(Data for the task)
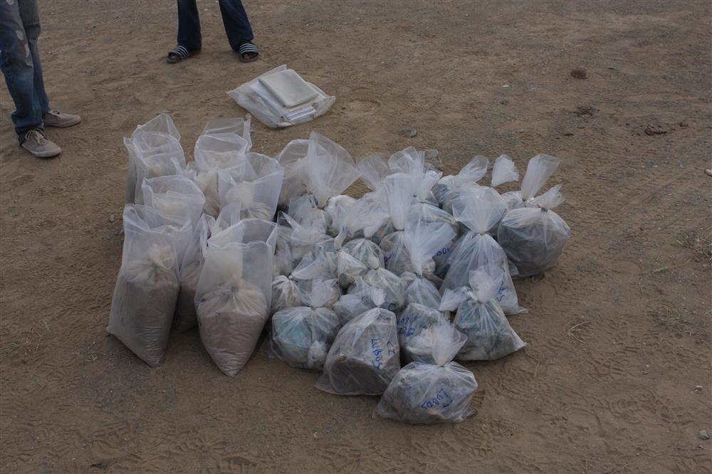 Cílem terénních prací bylo především zaměřit a zdokumentovat nedávno objevená ložiska a na základě naměřených strukturních dat se pokusit objevit nové potenciální lokality. Abychom mohli získat co nejvíce informací o mineralogii navštívených lokalit, bylo zapotřebí na každé z nich odebrat několik kilogramů vzorků, které v současné době putují v kontejneru na lodi směrem do České republiky, kde budou podrobeny laboratornímu výzkumu. Vzhledem k tomu, že jsme navštívili zhruba 30 lokalit, dosahovala celková hmotnost vzorků několika set kilogramů.
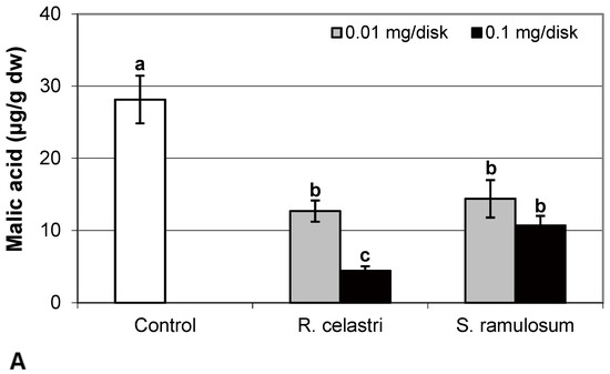 In the present study, we also analyzed the content of selected organic acids (µg/g dw) related to the Krebs cycle, or the so-called “citric acid cycle”. Citric acid content (Figure 5D) in two-week-old A. erici cultures decreased in a dose-dependent manner in the case of both tested lichen extracts; however, extracts from R. celastri were more effective when compared to identical amounts of extracts from S. ramulosum.
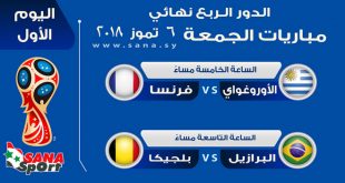 موسكو-سانا تنطلق مباريات الدور ربع النهائي من كأس العالم لكرة القدم في روسيا غداً حيث تقام مباراتان تجمع الأولى فرنسا مع الأورغواي والثانية البرازيل مع بلجيكا. ويتوقع أن تكون مباراة فرنسا مع الأورغواي التي ستنطلق عند الساعة الخامسة من مساء غد …
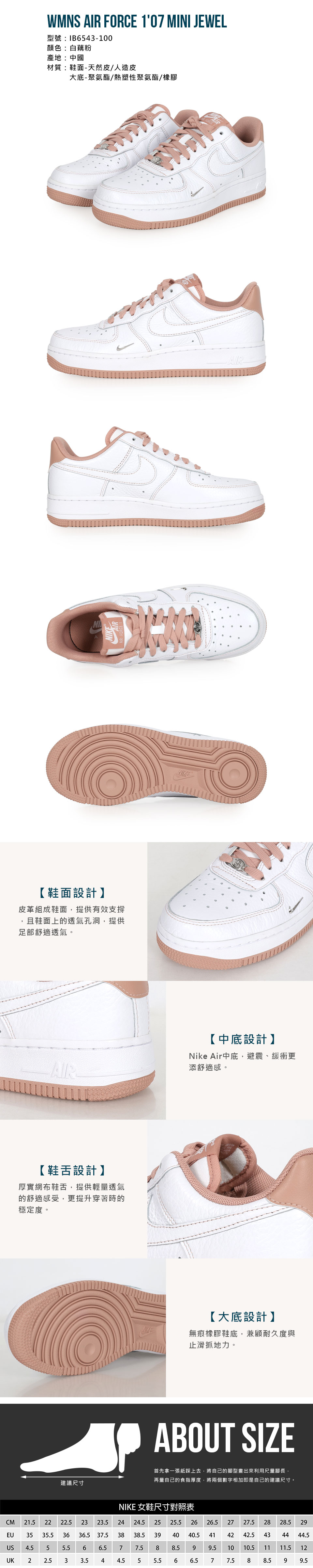 NIKE 女款運動休閒鞋  @WMNS AIR FORCE 1'07 MINI JEWEL@ IB6543-100 - 白藕粉
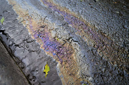 Oil stain on Asphalt, color Gasoline fuel spots on Asphalt Road as Texture or Background. Soft focus
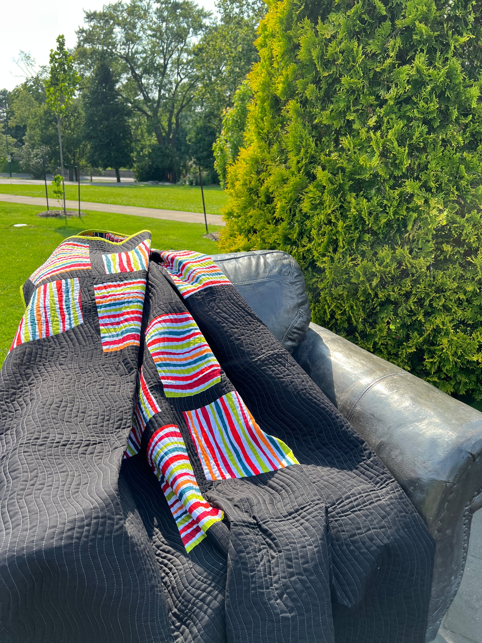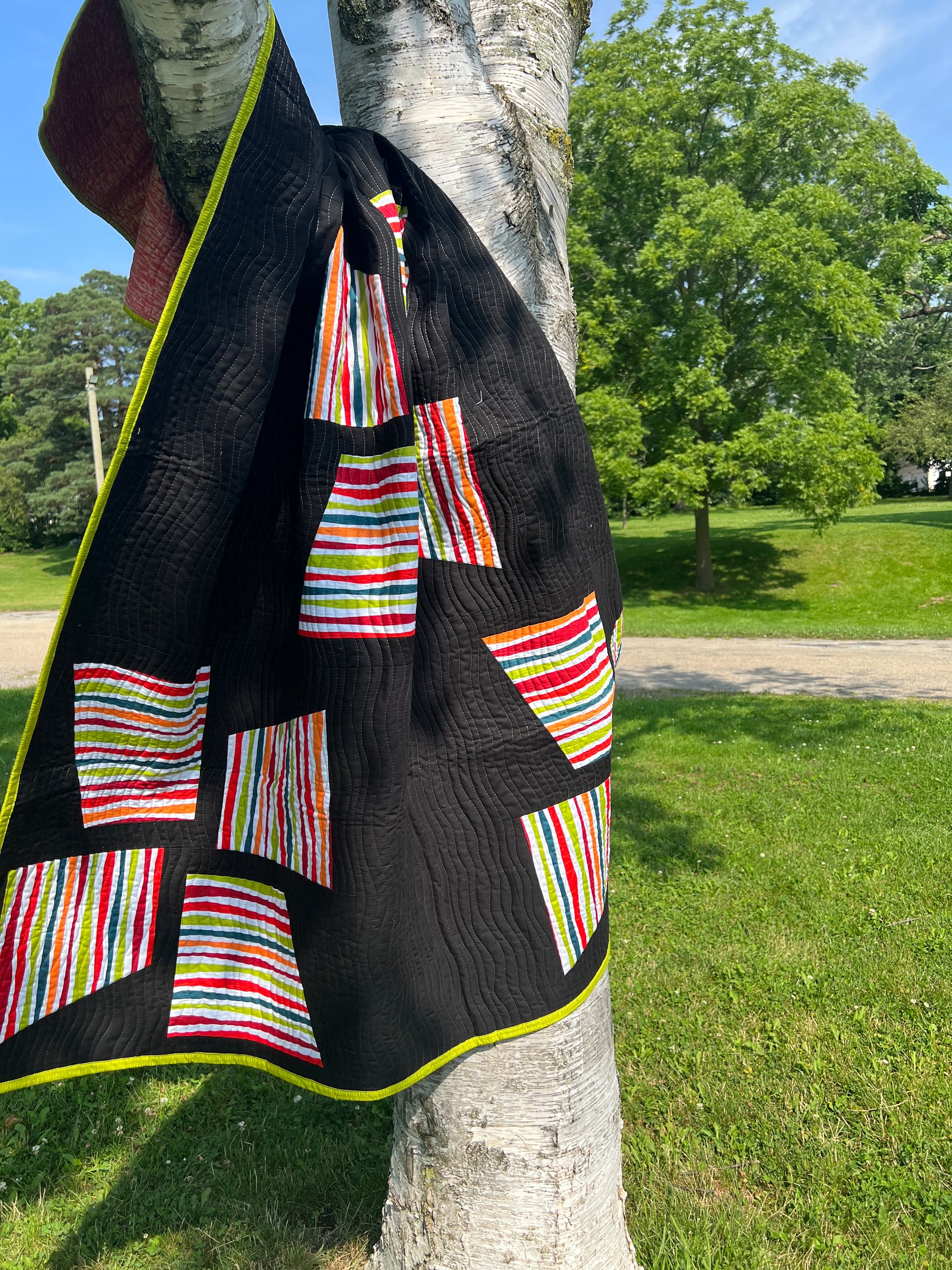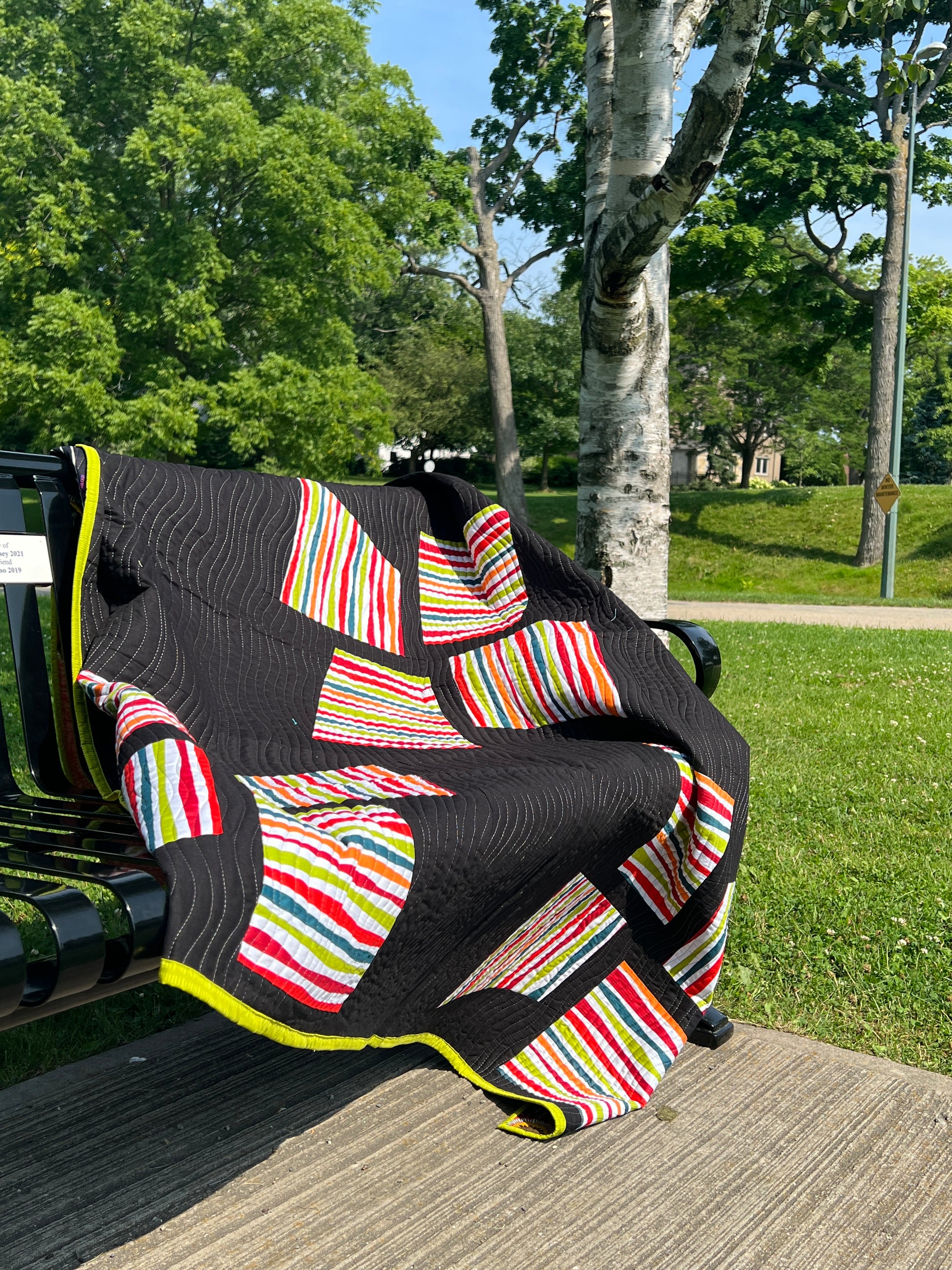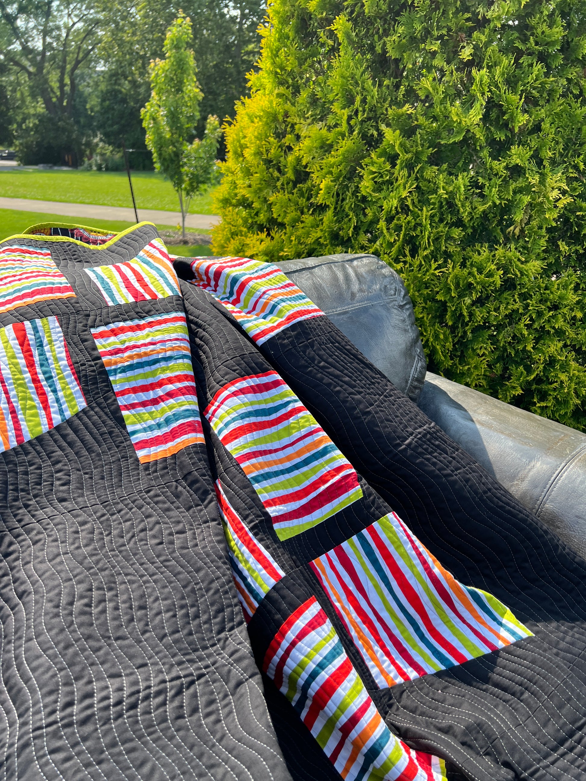Memories of Windmills is a striking custom handmade quilt that brings bold colour and modern design together in one dramatic statement piece. Rich, bright accent colours pop beautifully against a deep black background, creating a quilt that feels contemporary, graphic, and full of movement.
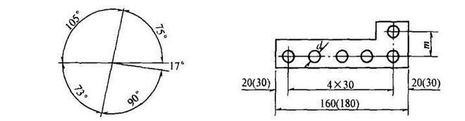 (10)角度尺寸線應(yīng)以圓弧表示.角的兩邊為尺寸界線。角度數(shù)值宜寫(xiě)在尺寸線上方中部.當(dāng)角度太小時(shí),可將尺寸線標(biāo)注在角的兩條邊的外側(cè)。角度數(shù)字宜按圖2-12標(biāo)注。
(End Data for the task)
When you print the records above, keep them exact and leave out the pictures.

 Cílem terénních prací bylo především zaměřit a zdokumentovat nedávno objevená ložiska a na základě naměřených strukturních dat se pokusit objevit nové potenciální lokality. Abychom mohli získat co nejvíce informací o mineralogii navštívených lokalit, bylo zapotřebí na každé z nich odebrat několik kilogramů vzorků, které v současné době putují v kontejneru na lodi směrem do České republiky, kde budou podrobeny laboratornímu výzkumu. Vzhledem k tomu, že jsme navštívili zhruba 30 lokalit, dosahovala celková hmotnost vzorků několika set kilogramů.
 In the present study, we also analyzed the content of selected organic acids (µg/g dw) related to the Krebs cycle, or the so-called “citric acid cycle”. Citric acid content (Figure 5D) in two-week-old A. erici cultures decreased in a dose-dependent manner in the case of both tested lichen extracts; however, extracts from R. celastri were more effective when compared to identical amounts of extracts from S. ramulosum.
 موسكو-سانا تنطلق مباريات الدور ربع النهائي من كأس العالم لكرة القدم في روسيا غداً حيث تقام مباراتان تجمع الأولى فرنسا مع الأورغواي والثانية البرازيل مع بلجيكا. ويتوقع أن تكون مباراة فرنسا مع الأورغواي التي ستنطلق عند الساعة الخامسة من مساء غد …
 NIKE 女款運動休閒鞋  @WMNS AIR FORCE 1'07 MINI JEWEL@ IB6543-100 - 白藕粉
 Oil stain on Asphalt, color Gasoline fuel spots on Asphalt Road as Texture or Background. Soft focus
Memories of Windmills is a striking custom handmade quilt that brings bold colour and modern design together in one dramatic statement piece. Rich, bright accent colours pop beautifully against a deep black background, creating a quilt that feels contemporary, graphic, and full of movement.
 (10)角度尺寸線應(yīng)以圓弧表示.角的兩邊為尺寸界線。角度數(shù)值宜寫(xiě)在尺寸線上方中部.當(dāng)角度太小時(shí),可將尺寸線標(biāo)注在角的兩條邊的外側(cè)。角度數(shù)字宜按圖2-12標(biāo)注。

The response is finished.